For a function of two variables $z = f(x, y)$, the analogue is to chop a region $R$ in the $xy$-plane into tiny rectangles, multiply each rectangle's area by a function value, sum, and take the limit. The result is the double integral.

Double integral

For $f$ continuous on a bounded region $R \subset \mathbb{R}^2$, partition $R$ into $n$ tiny pieces with areas $\Delta A_i$, pick a sample point $(x_i^*, y_i^*)$ in each, and form the Riemann sum

$$ S_n = \sum_{i=1}^{n} f(x_i^*, y_i^*)\,\Delta A_i. $$

The double integral is the limit as the pieces shrink to zero size:

$$ \iint_R f(x, y)\,dA \;=\; \lim_{\max \Delta A_i \to 0}\; S_n. $$

The picture is the same one you've seen for single integrals — just one dimension richer. Each term $f(x_i^*, y_i^*)\,\Delta A_i$ is the volume of a thin rectangular column standing on the patch $\Delta A_i$ and rising to the surface $z = f(x, y)$. Adding them gives an approximate volume; the limit gives the exact one.

Left: a region $R$ chopped into tiny rectangular patches. Right: each patch is the base of a thin column rising to the surface $z = f(x, y)$. Summing all column volumes and shrinking the patches gives $\iint_R f\,dA$.

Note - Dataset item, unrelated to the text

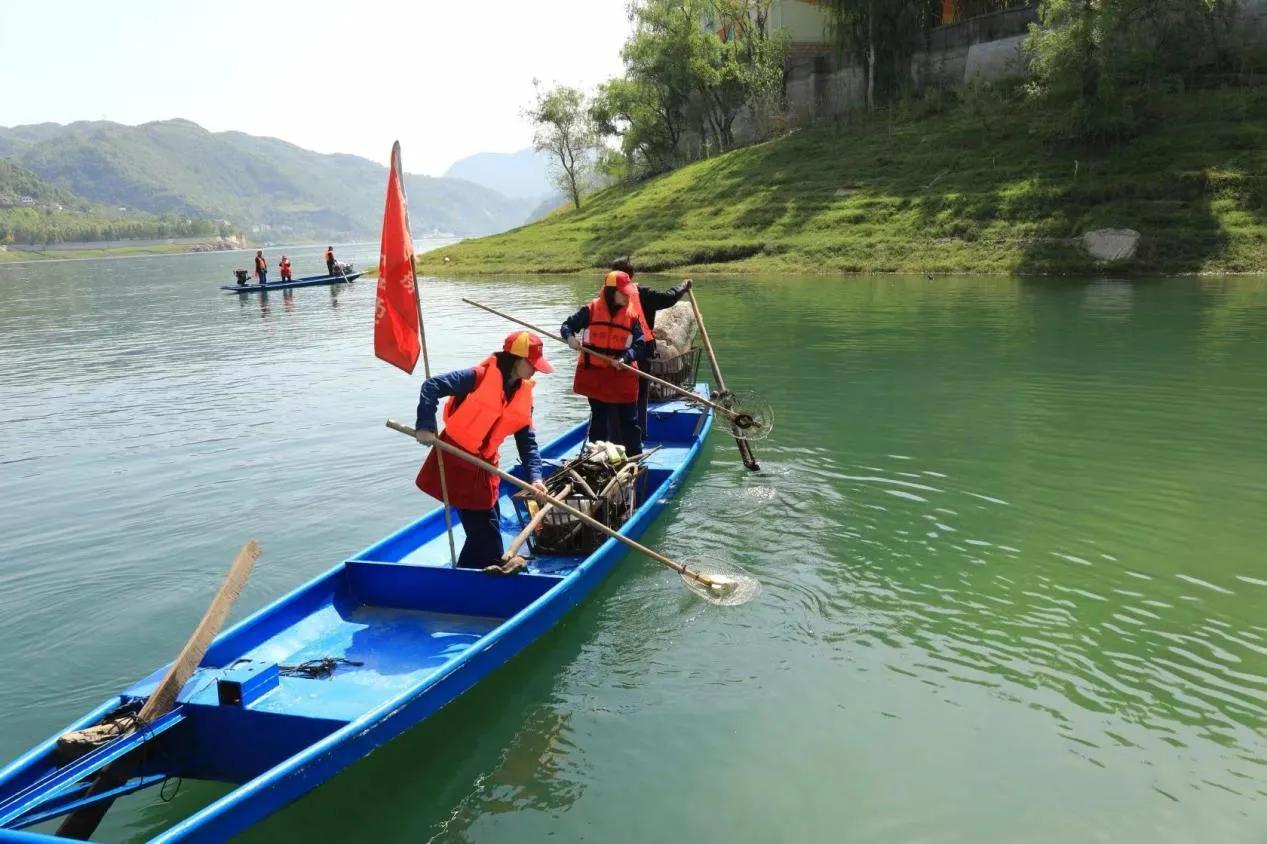 瀛湖库区在汉江干流上,是南水北调中线工程重要水源地。为保证一泓清水永续北上,国网安康水电厂干部职工以当好“秦巴卫士”和南水北调中线工程安全水源涵养区“护水使者”为己任,始终坚持生态优先、绿色发展,统筹推进发电、防汛和生态保护。自2014年,国网安康水电厂贯彻安康市市委市政府关于《安康市汉江流域水质保护条例》和《瀛湖漂浮物打捞治理暂行方案》等文件精神,落实国网陕西省电力有限公司要求,成立共产党员漂浮物打捞队,建立长效工作机制,开展常态化巡察打捞,常年坚持在77平方公里的责任水域打捞漂浮物,全力保障秦巴生态文明建设。

When $f$ is non-negative, $\iint_R f\,dA$ is the volume of the solid that sits above $R$ and below the surface $z = f(x, y)$. When $f$ takes both signs, you get signed volume: regions where $f < 0$ subtract. Setting $f \equiv 1$ collapses the formula to the area of $R$:

$$ \text{Area}(R) \;=\; \iint_R 1\,dA. $$

More than volume

Don't take "volume under a surface" too literally — it's just the easiest picture. If $f$ is a mass density, $\iint_R f\,dA$ is total mass. If $f$ is a probability density, it's a probability. The double integral is a general "accumulate $f$ over $R$" operation; volume is one interpretation among many.

2. Iterated integrals & Fubini's theorem

The definition tells you what a double integral is, but not how to compute one. The computational tool is the iterated integral: a double integral done as two nested single integrals — first one variable with the other held constant, then the result integrated against the second.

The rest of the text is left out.